= To do =
An exact copy of the listing is required, with its pictures removed.

= Given records =
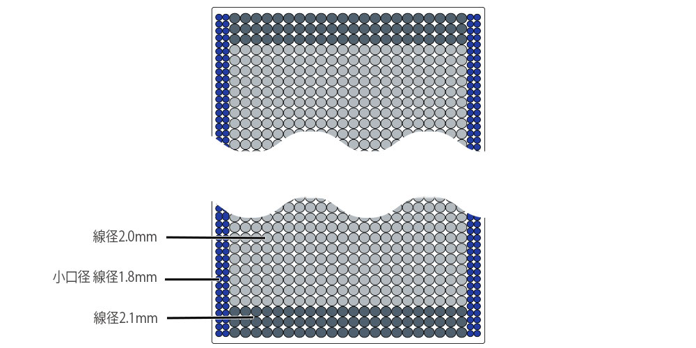 型崩れしやすいマットレス外周には太線経や小口径のポケットコイルを配置。マットレスの耐久性を高めるとともに縁の落ち込みを抑え、マットレス全面を快適に使えるよう設計しています。※画像はイメージイラストです。
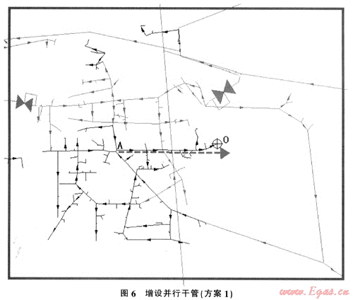 若沿原有供氣干線增設(shè)供氣管線,如圖6所示:從A點到B點大約需3km的管線??墒构芫€末端壓力增至0.138MPa。
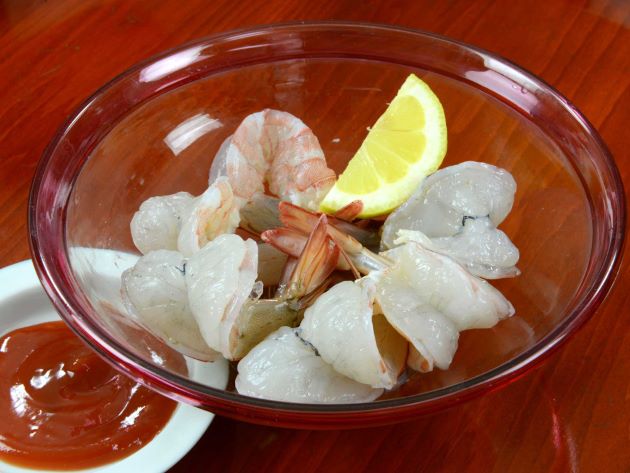 バナメイのゆびき 近年、で食べられるものが出回っているが、完全に生ではあまりエビらしい風味を感じない。軽く赤みが出るくらいにゆでて、氷水に落として水分をきる。わさびしょうゆで食べてもいいし、ケチャップとタバスコを合わせたもので食べてもいい。クリックで閉じます![]()
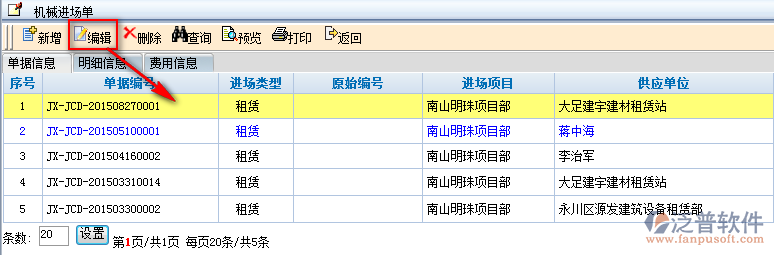 3、創(chuàng)建好的機械進場單可直接選中需要修改的進場單點擊【編輯】即可進入修改頁面。如圖:
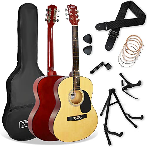3rd Avenue Pack Guitare Acoustique 4/4 Taille Standard pour Débutants, Housse, Médiators, Jeu de Cordes de Rechange, Stand, Sangle, Capodastre – Naturel
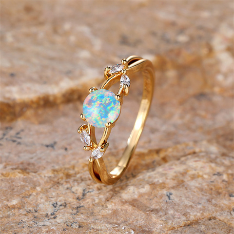 Trắng lửa Opal Vòng đá Vòng cổ điển Hollow Marquise pha lê Nhẫn đính hôn cho phụ nữ cổ vàng màu Phụ Kiện đám cưới
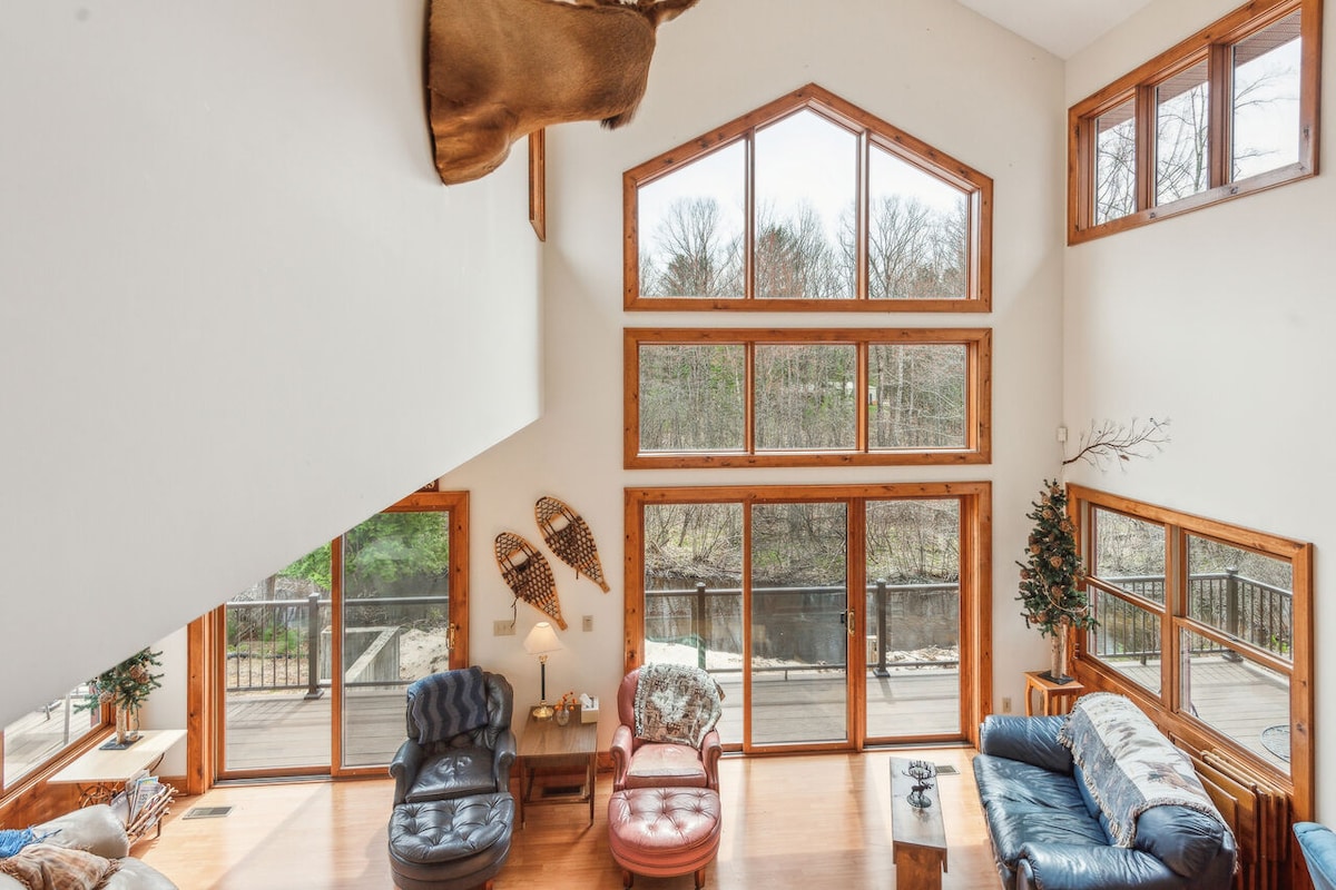 Esta cabaña alpina con estructura en A en el bosque cuenta con 3 dormitorios y comodidades para una estancia de cuatro estaciones. La cocina tiene un concepto abierto a una amplia sala de estar con chimenea natural. Dos baños completos, lavandería en el primer piso, terraza al aire libre y chimenea. Ve directamente a las pistas de motos de nieve, esquía a 25-30 minutos en Caberfae & Crystal Mountain, ciclismo de montaña, ciclismo de carretera a Traverse City. Senderismo, piragüismo/kayak y ATV/UTV. La temporada de caza está en marcha, consulta los sitios web de Michigan para conocer las zonas circundantes autorizadas.
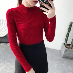 $19.05397 Apricot397 Black397 Blue397 Khaki397 Red397 White397 YellowClearLXL2XL3XLMSLong Sleeved Knitted Sweater Girl S-XL Red Coffee Green Yellow Half High Collar T Shirt Women Slim Tops Autumn Winter X-G-Xinde
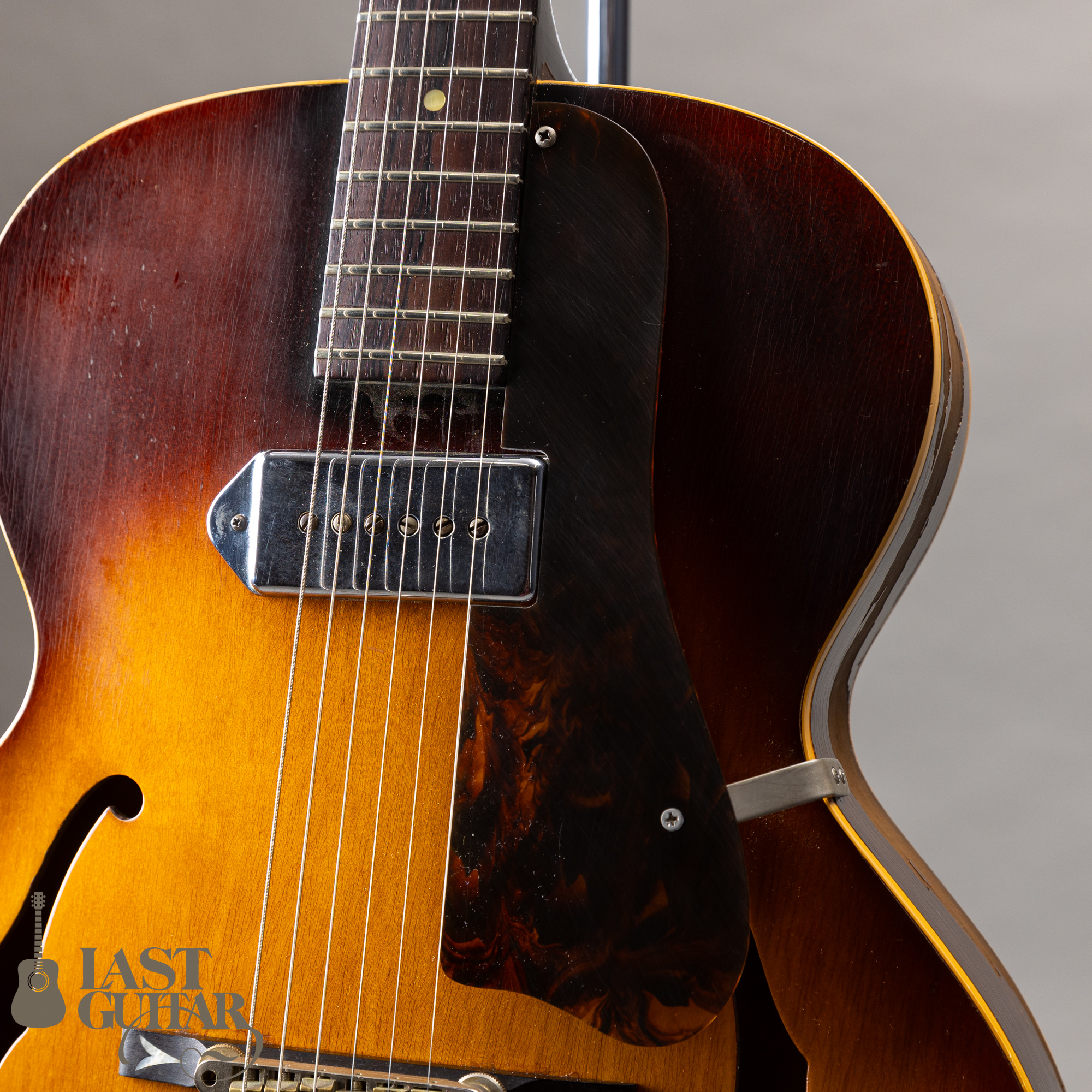 ピックアップは、残念ながら交換されておりますが、後年の古いエピフォンカジノあたりのものと思われるメタルカバーのP-90が現在搭載されており、個体にマッチしたあたたかく古めかしいサウンドといった印象で、馴染んだヴィンテージサウンドを体感いただけると思います。その他に、フレット、ピックガード、ブリッジサドル、ペグ、消耗パーツ、電装系の交換、コントロールノブの欠けがございます。
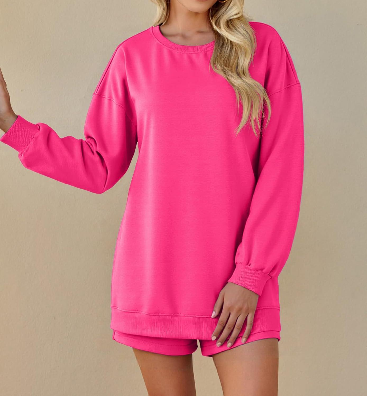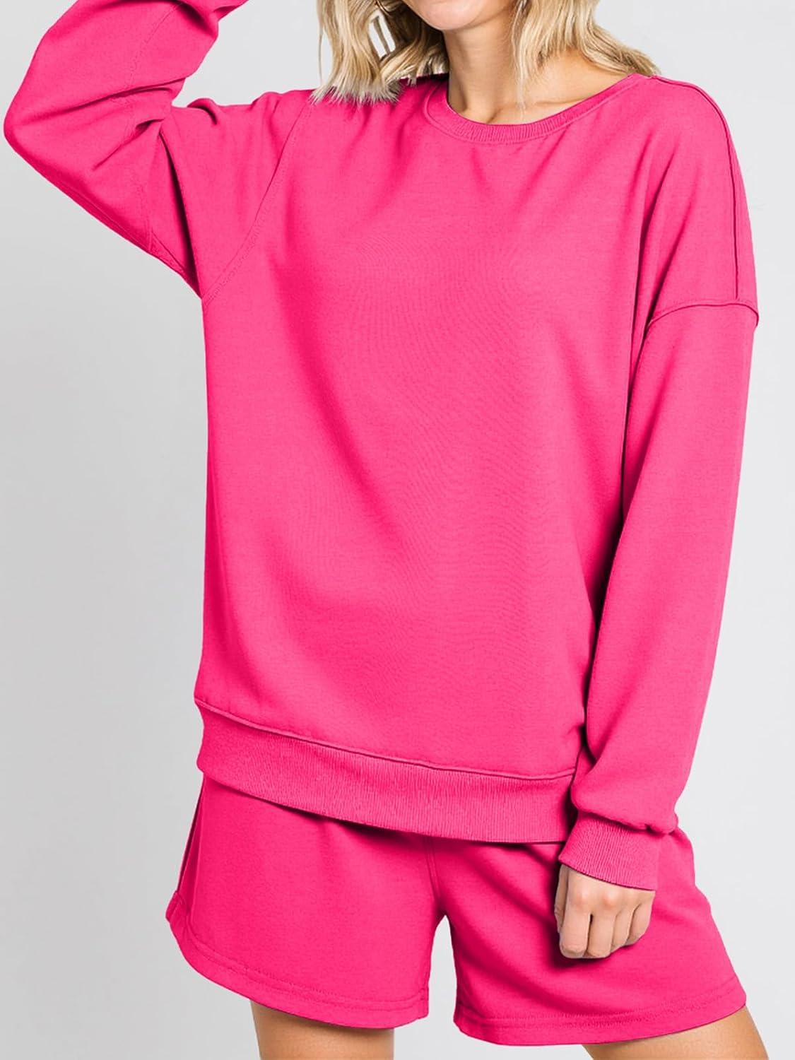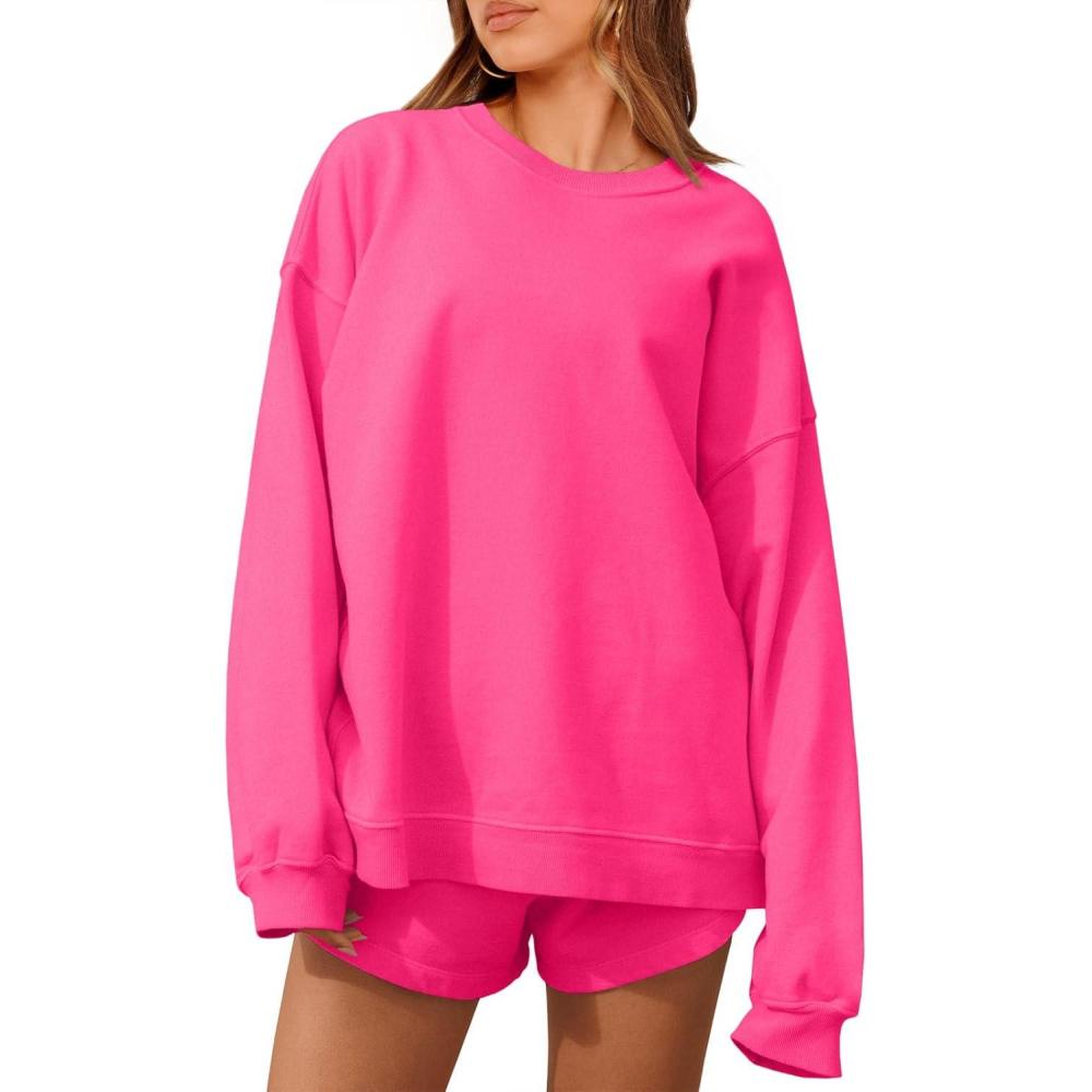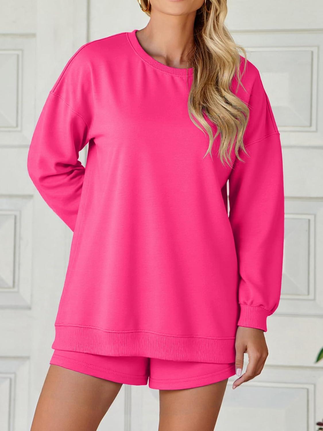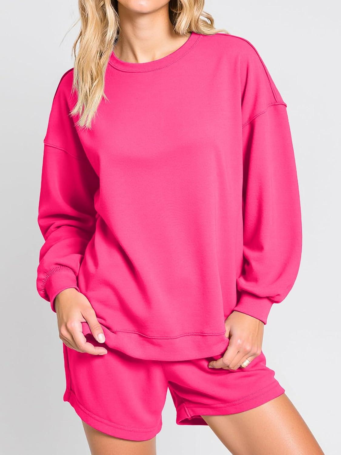 Tankaneo Womens Oversized 2 Piece Outfits Sweatsuit Casual Long Sleeve Crewneck Sweatshirts Sweat Shorts Fall Lounge Sets(Rose Red)

= Response area =
 型崩れしやすいマットレス外周には太線経や小口径のポケットコイルを配置。マットレスの耐久性を高めるとともに縁の落ち込みを抑え、マットレス全面を快適に使えるよう設計しています。※画像はイメージイラストです。
 若沿原有供氣干線增設(shè)供氣管線,如圖6所示:從A點到B點大約需3km的管線??墒构芫€末端壓力增至0.138MPa。
 バナメイのゆびき 近年、で食べられるものが出回っているが、完全に生ではあまりエビらしい風味を感じない。軽く赤みが出るくらいにゆでて、氷水に落として水分をきる。わさびしょうゆで食べてもいいし、ケチャップとタバスコを合わせたもので食べてもいい。クリックで閉じます![]()
 3、創(chuàng)建好的機械進場單可直接選中需要修改的進場單點擊【編輯】即可進入修改頁面。如圖:
3rd Avenue Pack Guitare Acoustique 4/4 Taille Standard pour Débutants, Housse, Médiators, Jeu de Cordes de Rechange, Stand, Sangle, Capodastre – Naturel
 Trắng lửa Opal Vòng đá Vòng cổ điển Hollow Marquise pha lê Nhẫn đính hôn cho phụ nữ cổ vàng màu Phụ Kiện đám cưới
 Esta cabaña alpina con estructura en A en el bosque cuenta con 3 dormitorios y comodidades para una estancia de cuatro estaciones. La cocina tiene un concepto abierto a una amplia sala de estar con chimenea natural. Dos baños completos, lavandería en el primer piso, terraza al aire libre y chimenea. Ve directamente a las pistas de motos de nieve, esquía a 25-30 minutos en Caberfae & Crystal Mountain, ciclismo de montaña, ciclismo de carretera a Traverse City. Senderismo, piragüismo/kayak y ATV/UTV. La temporada de caza está en marcha, consulta los sitios web de Michigan para conocer las zonas circundantes autorizadas.
 $19.05397 Apricot397 Black397 Blue397 Khaki397 Red397 White397 YellowClearLXL2XL3XLMSLong Sleeved Knitted Sweater Girl S-XL Red Coffee Green Yellow Half High Collar T Shirt Women Slim Tops Autumn Winter X-G-Xinde
 ピックアップは、残念ながら交換されておりますが、後年の古いエピフォンカジノあたりのものと思われるメタルカバーのP-90が現在搭載されており、個体にマッチしたあたたかく古めかしいサウンドといった印象で、馴染んだヴィンテージサウンドを体感いただけると思います。その他に、フレット、ピックガード、ブリッジサドル、ペグ、消耗パーツ、電装系の交換、コントロールノブの欠けがございます。
 Tankaneo Womens Oversized 2 Piece Outfits Sweatsuit Casual Long Sleeve Crewneck Sweatshirts Sweat Shorts Fall Lounge Sets(Rose Red)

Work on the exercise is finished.